What Can I Do If Status of Elasticsearch Shards (Unassigned Shards) Becomes Down?

Symptom

The Elasticsearch cluster reports an error message indicating that the Elasticsearch instance has a master shard in the down state or the Elasticsearch instance has a replica shard in the down state.

Procedure

Log in to any EsNode and run the following command to view the shard that is in the down state. The unassigned.reason column indicates that the shard becomes down because it is an unassigned shard.

curl -XGET --tlsv1.2 --negotiate -k -u : "https://ip:httpport/_cat/shards/indexname?v&h=index,shard,prirep,state,node,unassigned.reason" | grep UNASSIGNED
- ip: indicates the IP address of any EsNode in the Elasticsearch cluster.
- httpport: indicates the HTTP port number of the Elasticsearch instance. To obtain the port number, log in to Manager, select the Elasticsearch service of the cluster to be operated, choose Configurations > All Configurations, and search for SERVER_PORT in the upper right corner. Use the port of the EsNodeX instance for access.
- indexname: indicates the name of the index of the shards to be queried.

Locate the causes of shard unassignment. Possible causes are as follows:
1. INDEX_CREATED: The API for creating an index introduces the problem.
2. CLUSTER_RECOVERED: Full data restoration is performed for the cluster.
3. INDEX_REOPENED: An index is enabled or disabled.
4. DANGLING_INDEX_IMPORTED: The result of dangling index is not imported.
5. NEW_INDEX_RESTORED: Data is restored from the snapshot to a new index.
6. EXISTING_INDEX_RESTORED: Data is restored from the snapshot to a disabled index.
7. REPLICA_ADDED: Replica shards are added explicitly.
8. ALLOCATION_FAILED: Shard assignment fails.
9. NODE_LEFT: The node that carries the shard is located outside of the cluster.
10. REINITIALIZED: Misoperations (such as use of the shadow replica shard) exist in the process from moving the shard to the shard initialization.
11. REROUTE_CANCELLED: The assignment is canceled because the routing is canceled explicitly.
12. REALLOCATED_REPLICA: It is determined that a better replica location will be used, and the existing replica assignment is canceled. As a result, the shard is unassigned.

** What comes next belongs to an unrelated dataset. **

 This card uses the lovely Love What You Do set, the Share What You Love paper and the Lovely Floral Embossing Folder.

If the value of unassigned.reason is ALLOCATION_FAILED, run the following command:

curl -XPOST --tlsv1.2 --negotiate -k  -u :  "https://ip:httpport/_cluster/reroute?retry_failed=true"

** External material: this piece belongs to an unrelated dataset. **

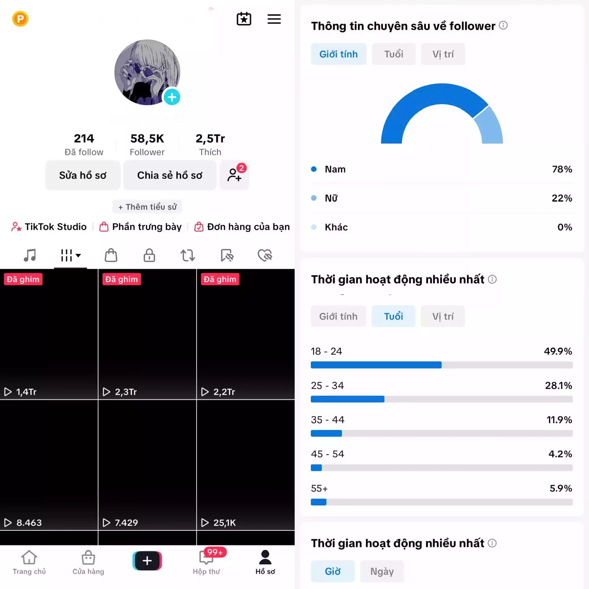 Acc #63730: Chủ đề : Nhạc - Follow VN - Có Live Studio, Tiktok Shop - An toàn, Bao đổi thông tin chính chủ., giá 4,099,000 đ

Execute explanation of the API to view the detailed cause of the unassignment of the shard. The three parameters in the request can be queried in the command output in Step 1. The first column indicates the index name, the second column indicates the shard ID, and the third column indicates whether the shard is the primary shard.
```
curl -XGET --tlsv1.2 --negotiate -k  -u :  "https://ip:httpport/_cluster/allocation/explain?pretty" -H 'Content-Type:application/json' -d '{
    "index": "indexname",
    "shard": shardId,
    "primary": isPrimary
}'
```
- indexname: indicates the index name in the first column in the output of the _cat/shards command.
- shardId: indicates the shard ID in the second column in the output of the _cat/shards command.
- isPrimary: indicates whether the shard to be queried is a primary or a replica shard. If the value in the third column in the output of the _cat/shards command is p, the shard is the primary shard and you need to set this parameter to true. Otherwise, the shard is a replica shard, and you need to set this parameter to false.

Analyze the output of the explain command. If the command output contains the explanation field, check whether the information related to this field contains a recommended solution. Give priority to the recommended solution if any.
Check whether the shards in the UNASSIGNED state in the cat/shards command in 1 are concentrated in a few EsNode instances. If yes, restart these Elasticsearch instances separately to trigger shard restoration.